APAldon Smith has 33.5 career sacks, the most for any player in his first two seasons since the NFL started keeping sack records in 1982. And his teammates and coaches voted him the 49ers’ MVP for a 2012 season in which he was second in the league with 19.5 sacks. So no one doubts just how much Smith has meant to the 49ers’ defense.
But Smith’s sack production has declined recently, with no sacks at all in his last five games — by far the longest drought of his career. So what’s the problem?
Smith says it’s simple: He has fewer sacks than before because he has more people blocking him than before.

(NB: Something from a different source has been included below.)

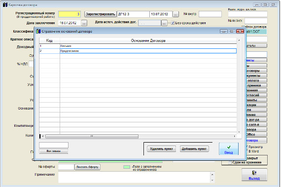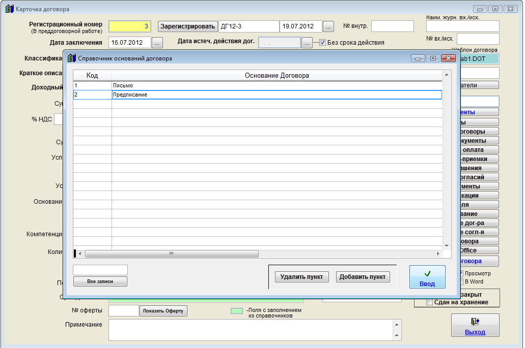 Для добавления записи в справочник используйте кнопку "Добавить пункт", для удаления - "Удалить пункт".

“A lot more guys coming to block me,” Smith said when asked to explain his sack decline. “I’m getting double-teamed a lot, triple-teamed at times, and then the quarterbacks are getting the ball out fast. Another thing that’s really cool about that is if I’m not making a play, a lot of times I’m getting double-teamed a sack comes from somebody else. I might not get it, but at the end of the day the stats still say it’s a sack.”
Asked to describe what it’s like to get a sack, Smith said, “You beat the guy in front of you. Then you go and make the big play. Everybody cheers and you feel good.”
Unfortunately for Smith, in the last few weeks it hasn’t been “beat the guy in front of you,” it’s been “beat the guys in front of you.” And putting more guys on Smith has proven to be the way to keep him from sacking the quarterback.